Indian spices, with an export base of Rs 17,000 crore, have a share of 40 per cent of all the global spice trade. The domestic market for spices is about Rs one lakh crore. But the spice farmers, by and large, don’t realise the real potential that these commodities can offer.


The real challenge is to add value, educating the stakeholders to realise the potential and making it a sustainable programme. The sector is also beset with the challenges such as climate change, low productivity, depleting water resources and the issue of pesticide residues.


National Sustainable Spice Programme

With a view to address these challenges and find solutions, stakeholders have announced the National Sustainable Spice Programme (NSSP). “Spices farmers across the globe are faced with uncertain pricing environment and adverse climatic situations. There are some other issues such as excessive use of chemical fertilisers, pests and diseases,” Philip Kuruvilla, Coordinator of NSSP, has said.



Introducing the features of NSSP to farmers, farmer producer organisations, processors, exporters, academic institutions and other organisations, he said


The World Spice Organisation (an arm of the All-India Spices Exporters Forum), Spices Board of India, IDH (the Sustainable Trade Initiative) and GIZ Global Project of Germany have joined hands to launch the programme.
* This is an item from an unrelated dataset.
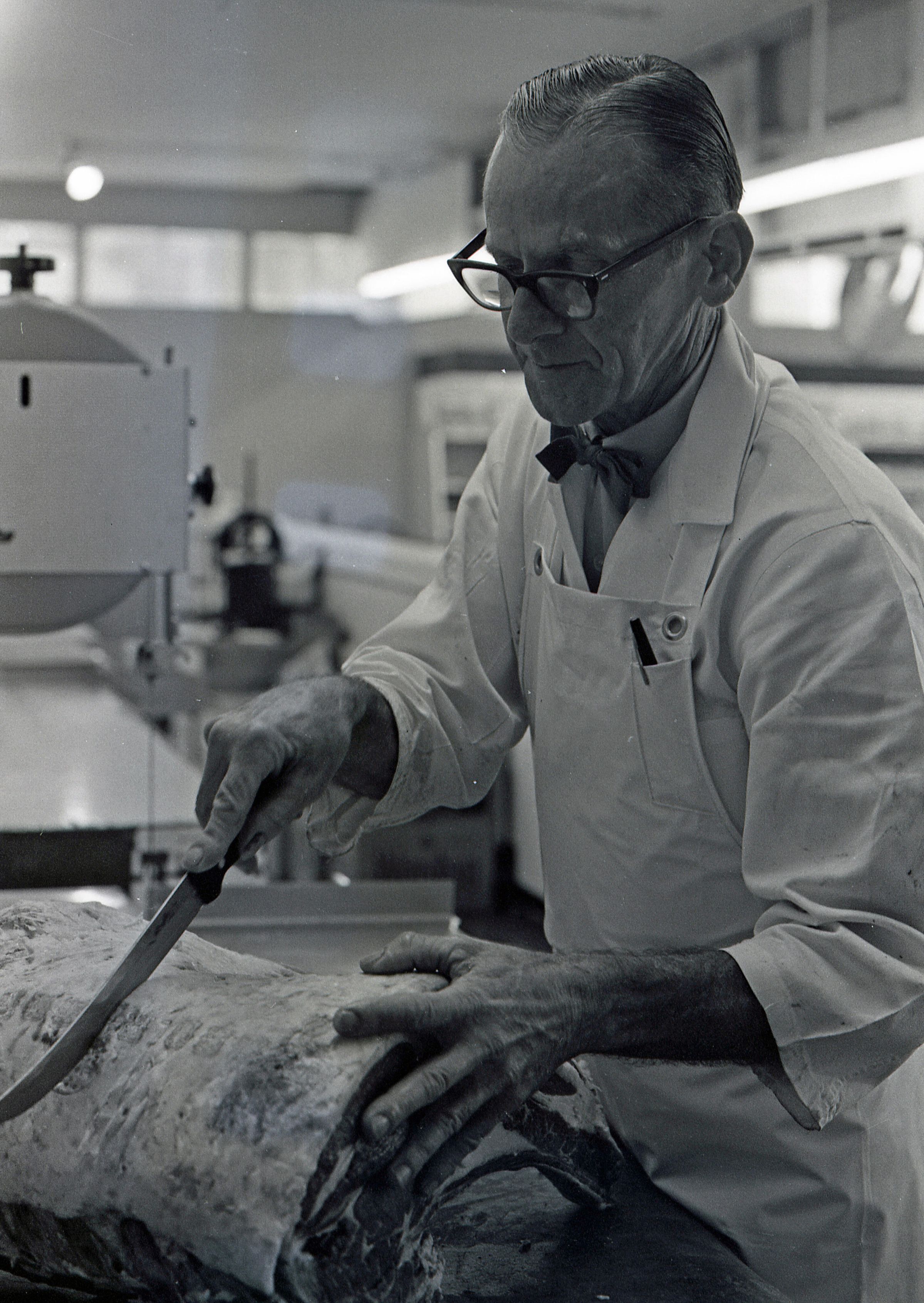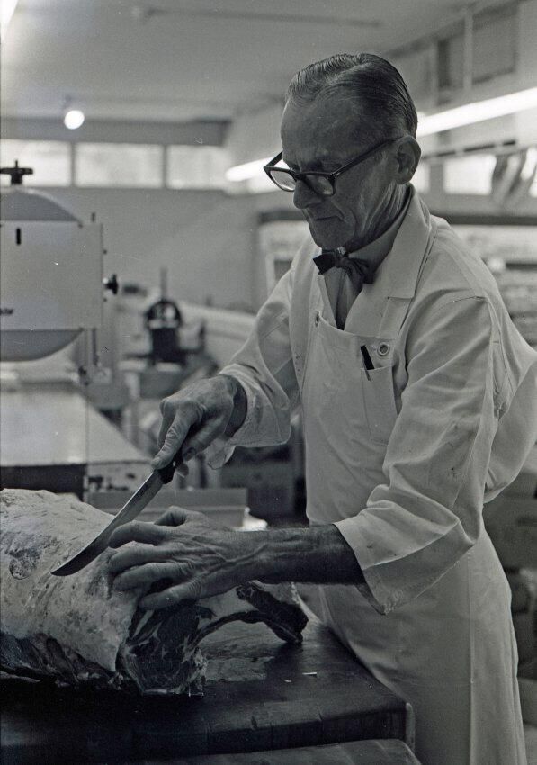 Lacey Foods Cole Retinee, 1973. These two black and white film negative strips were created for the Lacey Leader newspaper. These images show a man (Cole Retinee) in a commercial kitchen cutting bone-in ribeye steaks from a primal. Image 15 shows Mr. Retinee standing at his butcher block and preparing a tray to put the cut steaks into. There is a seated woman visible in the background with a small child seated on her lap. There is a sign partially visible hanging on the wall. The visible portion reads "IN THE NORTHWEST." Image 16 shows Mr. Retinee cutting steaks. There are two numbered tags and a cloth visible on the table next to the butcher's block. The knife is obscured behind the primal. Image 17 is similar to the previous image, but Mr. Retinee is holding the knife pointed downward and beginning a cut into the meat. Image 18 is nearly identical to image 16. Image 19 is very similar to image 17, but Mr. Retinee's knife is cutting further toward the far end of the primal. Image 20 shows Mr. Retinee making another cut. His left hand is on top of the primal. Image 21 shows Mr. Retinee making a cut all the way at the far end of the primal. Image 22 shows Mr. Retinee holding the primal with his fingertips at the end nearer to the camera. Image 23 shows Mr. Retinee making another cut. His lips are pursed in this image. Image 24 shows Mr. Retinee preparing to make another cut. The back edge of the knife is nearly parallel with the top of the primal.

The NSSP targets to convert a quarter of all the spices grown in the country sustainable by 2025. “The multi-stakeholder programme will help farmers reduce the use of pesticides and contaminants. It will address issues such as high dependency on chemical fertilisers and exploitation of natural resources, which contribute to climate change and outbreak of new diseases,” he said.


By harmonising standards and introducing of good agricultural practices (GAP), the country can increase incomes and achieve sustainability in spice farming operations.


Ramesh Bhat, a food safety expert, has related how poor standards in farming and contamination could not only impact the incomes but also cause short-term and long-term health complications. “International buyers would rejecte any farm produce with contamination and pesticide residues,” he said.


“The price the farmers get should be based on the additional value that they bring in the form of quality. We need to educate the farmers and other stakeholders on the importance of quality. To achieve this, we need to take up literacy programmes,” he said.